La société pétrolière « SAMPANA-SA a été liquidée par le tribunal de commerce de Bamako en son audience du 16 mai 2012. Son PDG, Mohamed Sampana, croupit, quant à lui, derrière les barreaux. Pour quelles raisons ?

Moustapha Ben Barka ministre industrie promotion investissement

SAMPANA-SA était une société de droit malien au capital de 500 millions de FCFA, dont la principale activité était l’importation et la commercialisation d’hydrocarbures. Elle est vite montée en grade. Son chiffre d’affaires, de 2 milliards de FCFA en 2003, atteint 21 milliards en 2009. Cette bonne santé financière lui vaut l’obtention d’un emprunt obligataire de 3 milliards FCFA garanti par le Fonds de Solidarité Africain et le Fonds « GARI ». Cet emprunt lui permet de réaliser d’importants investissements: achat de camions-citernes, construction de stations d’essence, etc. Avec ses 109 employés, la société joue un rôle important dans l’économie du Mali car elle paie 4% de ses recettes en droits de douanes.

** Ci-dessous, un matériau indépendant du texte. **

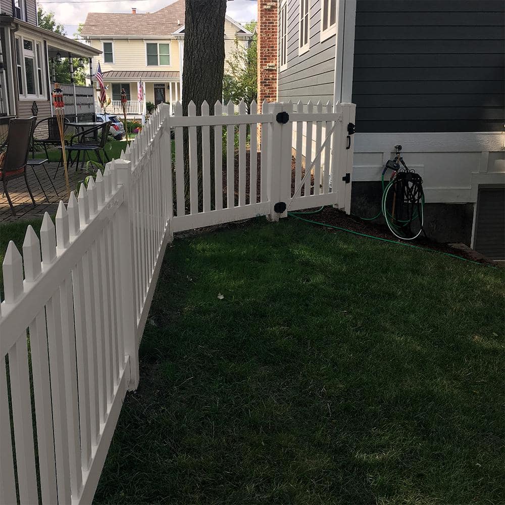 The Weatherables Plymouth Vinyl Picket Fence transcends ordinary boundaries, merging practicality with charm in your landscape design. Envision a garden framed by its classic white, dog-eared pickets that evoke nostalgia and invite relaxation. Style it by bordering a lush flower bed, the juxtaposition enhancing the vibrant colors of nature. This fence is not just an enclosure; it's a statement piece that embodies effortless sophistication in outdoor living.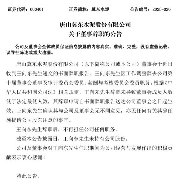 3月24日,冀東水泥發(fā)布公告。王向東先生因工作調(diào)整辭去公司第十屆董事會董事及審計委員會委員、薪酬與考核委員會委員職務(wù),不再擔(dān)任公司任何職務(wù)。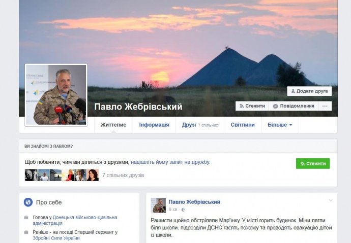 "Рашисти щойно обстріляли Мар'їнку. У місті горить будинок. Міни лягли біля школи. підрозділи ДСНС гасять пожежу та проводять евакуацію дітей із школи", - підтвердив у Facebook донецький губернатор Павло Жебрівський, але потім видалив це повідомлення.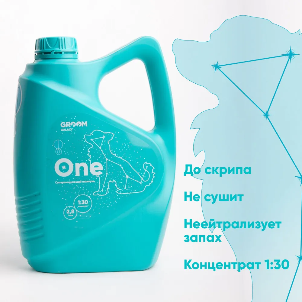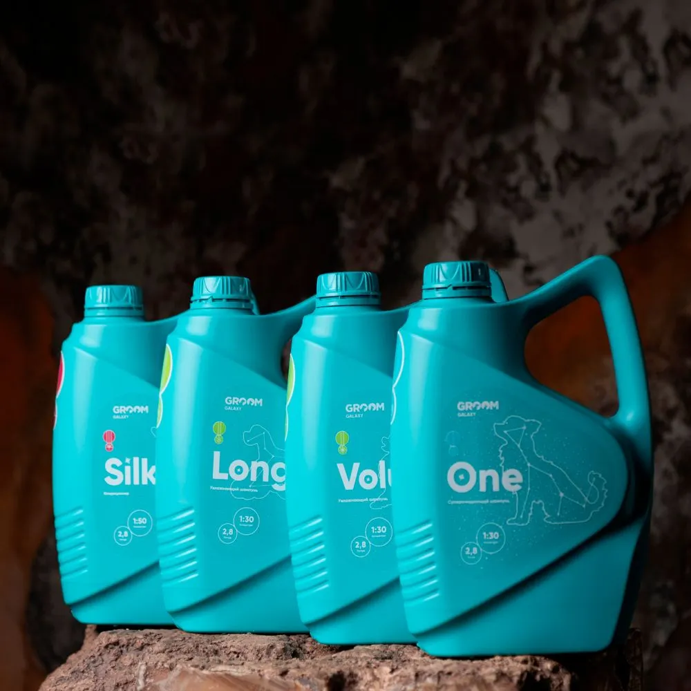 Cистема мытья GROOM GALAXYИнновационная профессиональная система ухода за кожей и шерстью мелких домашних животных.Супер-концентрат 1:30-1:50. Набора косметики хватит на 280 груминг-услуг*1. Суперочищающий шампунь ONE - первый этап мытья системы Groom Galaxy.Нацелен максимально очистить кожу и шерсть собаки «до скрипа» без вреда для структуры волоса и кожи. Не сушит кожу. Подходит для частого применения. В состав входят мягкие моющие ЭКО компоненты, незаменимая аминокислота и комплекс увлажняющих веществ для поддержания защитного барьера кожи. Антибактериальные и антисептические компоненты для профилактики вторичных инфекций кожи питомца и нейтрализации неприятного запаха.Благодаря высокой концентрации компонентов обеспечен низкий расход и вариативность использования относительно загрязненности собаки. Прошел клинические испытания.2. Увлажняющий шампунь для объема Groom VOLUME – второй этап мытья системы Groom Galaxy. Мягко очищает, увлажняя кожу. Коллагеновый комплекс защищает от повреждений, придавая роскошный объем и упругость каждому волосу. Полиненасыщенные жирные кислоты Glyceryl Oleate восстанавливают липидный барьер, витамины Е и F способствуют регенерации клеток кожи, стимулируют рост здоровой шерсти. Высокое содержание аминокислоты L-Arginine улучшает кровообращение и структуру шерсти на уровне фолликула. Прошел клинические испытания.3. Увлажняющй шампунь для утяжеления и выпрямления LONG.Данный шампунь создан для использования на породах тех собак, которым необходимо увлажнить кожу, утяжелить и выпрямить шерсть питомца. Шампунь содержит эффективные увлажняющие и утяжеляющие компоненты, которые хорошо закрепляются на волосе, но не создают эффекта липкости и жирности. Активные компоненты облегчают сушку и стрижку собаки грумерам. Обеспечивают длительность укладки. Шампунь вариативен для использования относительно сухости кожи собаки и тусклости волоса. Если кожа и шерсть питомца сухие, может быть использован разведенным как 1 часть шампуня к 5 частям воды.4. Инновационный кондиционер Groom Silk - третий этап системы мытья Groom Galaxy. Cоздает эффект невероятной шелковистости и искрящегося блеска шерсти. Высокое содержание Panthenol увлажняет кожу, аминокислота L-Arginine проникая в структуру волоса и шерсти закрепляется на участках, которые сильно повреждены, восполняя их, обеспечивает восстановление и улучшение структуры волоса. Проникая в волосяной фолликул L-Arginine увеличивает микроциркуляцию в нем, обеспечивая усиленное поступление питательных веществ, что способствует росту здоровой шерсти. Hydrolyzed Wheat Protein глубоко проникает в структуру волоса, укрепляя его изнутри. Инновационная формула кондиционера обеспечивает быструю сушку питомца. Облегчает расчёсывание спутанной шерсти, препятствует образованию колтунов. Поддерживает эффект увлажняющего шампуня. Идеален для ШОУ и ПЭТ груминга собак и кошек.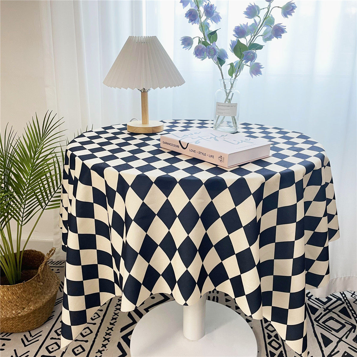 ins复古美式菱形黑格子桌布棋盘圆桌长方形装饰绒布茶几餐桌布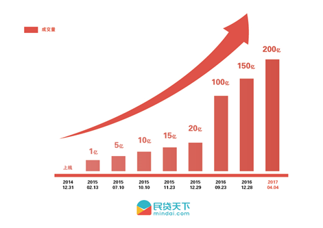 截止2017年4月4日,民贷天下累计成交额突破200亿,服务用户人数已超过338万。从只有20多人的创业公司发展成如今拥有400多名员工、10多家分公司以及两大研发中心的互联网金融科技领先企业,民贷天下只用了两年零三个月,就迈入了“200亿”时代。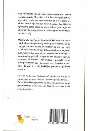 Opvoedingsreis. Een inspirerend boek over bijbelse opvoeding, door Frans en Andrea van Hartingsveldt. Het boek biedt praktische inzichten en handvatten voor ouders die hun kinderen willen opvoeden volgens bijbelse principes.
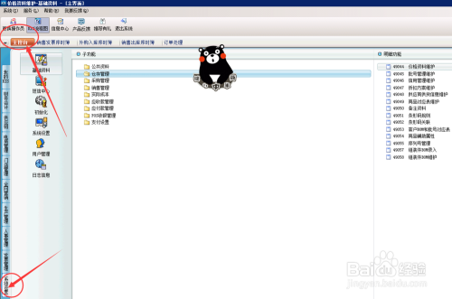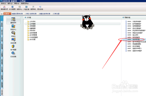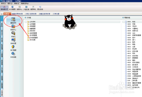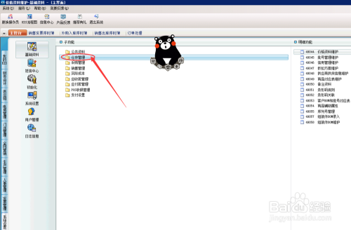 3、点击“基础资料”之后——点击其下的子功能“仓存管理”
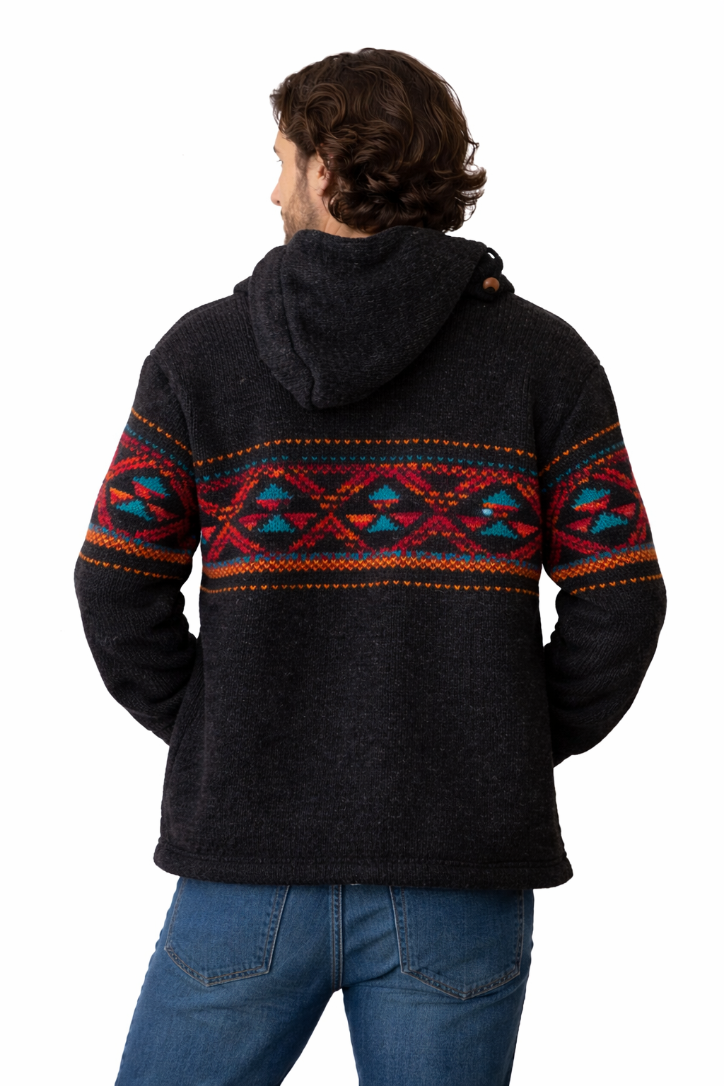 Handmade Woolen Jacket with Vibrant Tribal Pattern – Nepali Artisan Hoodie

Tout commence à s’effondrer courant 2009. La société accumule des arriérés de droits et taxes de douane de 620. 697. 546 FCFA. Afin d’obtenir son dû, la douane fait confisquer les citernes de SAMPANA aux frontières. La société adresse à la douane une lettre du 17 mars 2010 où elle propose de régler immédiatement 100 millions de FCFA et le reste sur 5 mois. Le moratoire est accepté par la douane. SAMPANA verse 100 millions ainsi que le prouvent les quittances n°874 et 875 du 30 mars 2010. Le directeur adjoint de la douane de l’époque, Moumouni Dembélé, ordonne le déblocage des opérations de transit de SAMPANA par message Rac n°0018 du 2 avril 2010. Curieusement, l’ordre reste sans effet car les citernes restent confisquées par la douane. Un incident se produit dans les jours suivants: la société constate, lors d’un transit, que ses produits (de l’essence) sont étiquetés « gaz-oil » par les agents de douane. Craignant que cette irrégularité ne lui soit reprochée plus tard, SAMPANA la dénonce à la direction de la douane par courrier du 10 mai 2010, demandant de corriger les mentions incriminées. Ce courrier irrite-t-il la douane ? SAMPANA croit que oui. En effet, le 14 mai 2010, la douane lui réclame le paiement immédiat du reliquat d’arriérés de taxes, au mépris du moratoire de 5 mois accordé à la débitrice. La douane fait aussi saisir, le 8 juin 2010, les comptes bancaires de la société.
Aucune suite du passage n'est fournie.